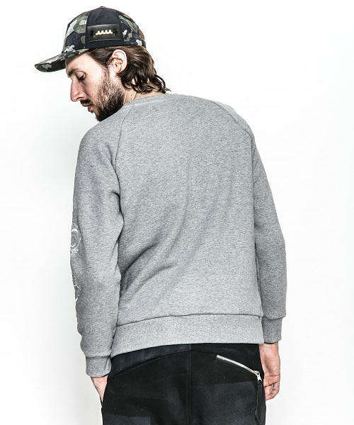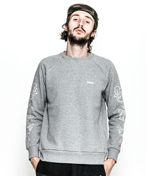 | spec | mutaとのコラボレーションコレクション。左胸にはmutaの新らしいアイコンロゴを刺繍にて配置。ブランド名であるACANTHUS(地中海地方産ハアザミ 属植物)の形をモチーフにしたデザインを袖パーツに刺繍。アームはラグランスリーブ。上質で程よい肉感の起毛裏毛を使用し着心地を追求。プルオーバータイプでリラックスして着用可能な1枚。 |
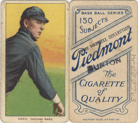 Portrait of Frank Owen, baseball player for the Chicago White Sox. White Borders (T206) series. Printed on front: "Owen, Chicago Amer." Printed on back: "Piedmont, the cigarette of quality. Base ball series, 150 subjects. Factory no. 25, 2d. dist. Va."
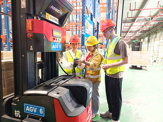 教學創新團隊成員北侖職高賀維英(左一)在寧波龍星物流有限公司脫產實踐
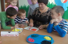Зурлар катнаш төркеме балалары тәрбияче Асылгариева Альбина Альфред кызы белән иҗади эш белән шөгыльләнергә тозны гуашь белән буяп рәсемләү өчен материал ясап куйдылар.
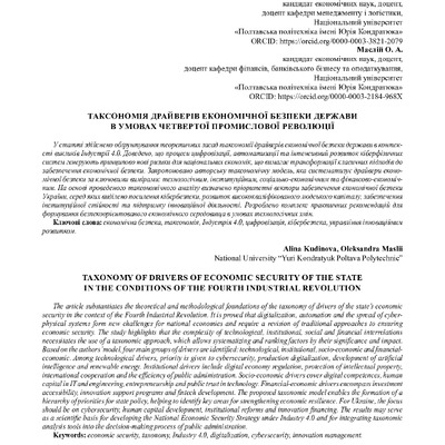 Стаття 2026/01/28Таксономія драйверів економічної безпеки держави в умовах Четвертої промислової революції
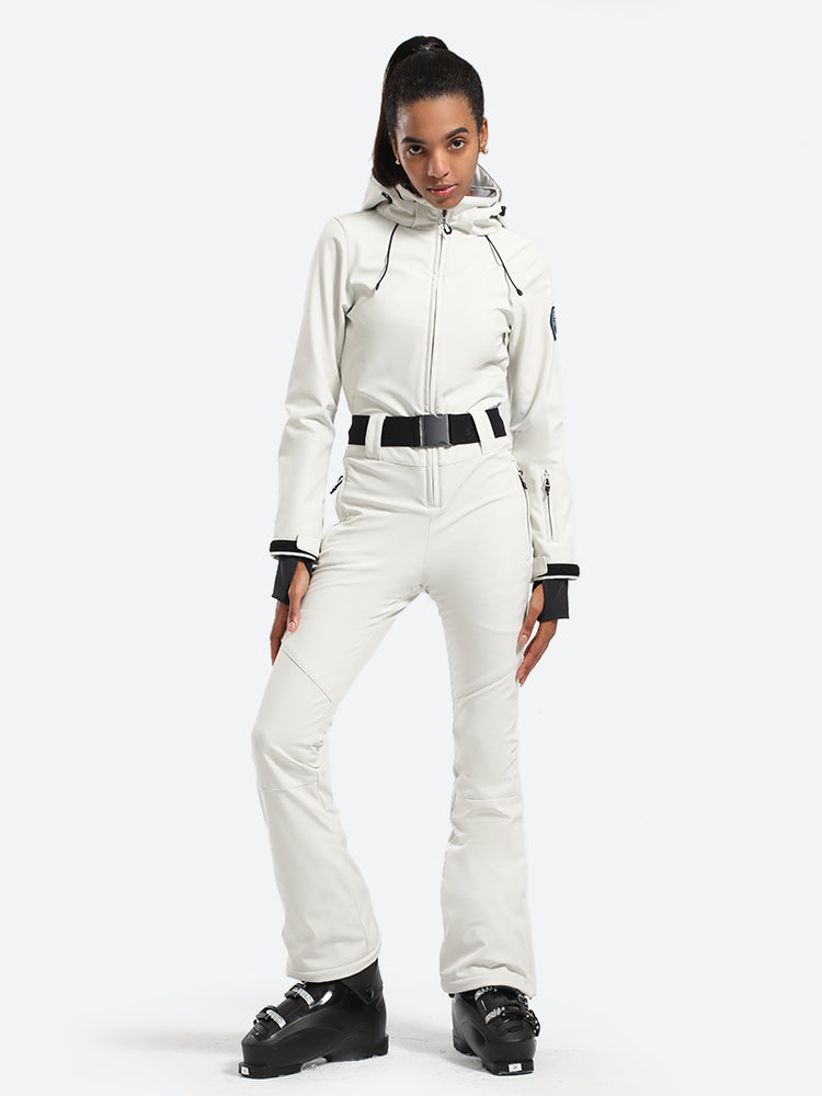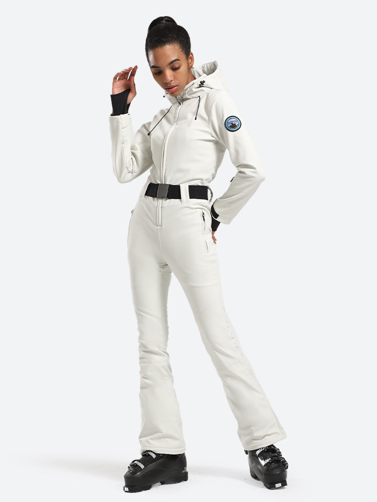 Der einteilige Skianzug von GSou Snow bietet unvergleichlichen Komfort und Bewegungsfreiheit, ergänzt durch praktische Funktionen wie eine abnehmbare Kapuze, zwei Oberschenkeltaschen, eine Skipasstasche am Bündchen und einen verstellbaren Bund.

Prompt: The records must appear again word for word, though none of their pictures should.

Response to this task:
 | spec | mutaとのコラボレーションコレクション。左胸にはmutaの新らしいアイコンロゴを刺繍にて配置。ブランド名であるACANTHUS(地中海地方産ハアザミ 属植物)の形をモチーフにしたデザインを袖パーツに刺繍。アームはラグランスリーブ。上質で程よい肉感の起毛裏毛を使用し着心地を追求。プルオーバータイプでリラックスして着用可能な1枚。 |
 Portrait of Frank Owen, baseball player for the Chicago White Sox. White Borders (T206) series. Printed on front: "Owen, Chicago Amer." Printed on back: "Piedmont, the cigarette of quality. Base ball series, 150 subjects. Factory no. 25, 2d. dist. Va."
 教學創新團隊成員北侖職高賀維英(左一)在寧波龍星物流有限公司脫產實踐
Зурлар катнаш төркеме балалары тәрбияче Асылгариева Альбина Альфред кызы белән иҗади эш белән шөгыльләнергә тозны гуашь белән буяп рәсемләү өчен материал ясап куйдылар.
 Стаття 2026/01/28Таксономія драйверів економічної безпеки держави в умовах Четвертої промислової революції
 Der einteilige Skianzug von GSou Snow bietet unvergleichlichen Komfort und Bewegungsfreiheit, ergänzt durch praktische Funktionen wie eine abnehmbare Kapuze, zwei Oberschenkeltaschen, eine Skipasstasche am Bündchen und einen verstellbaren Bund.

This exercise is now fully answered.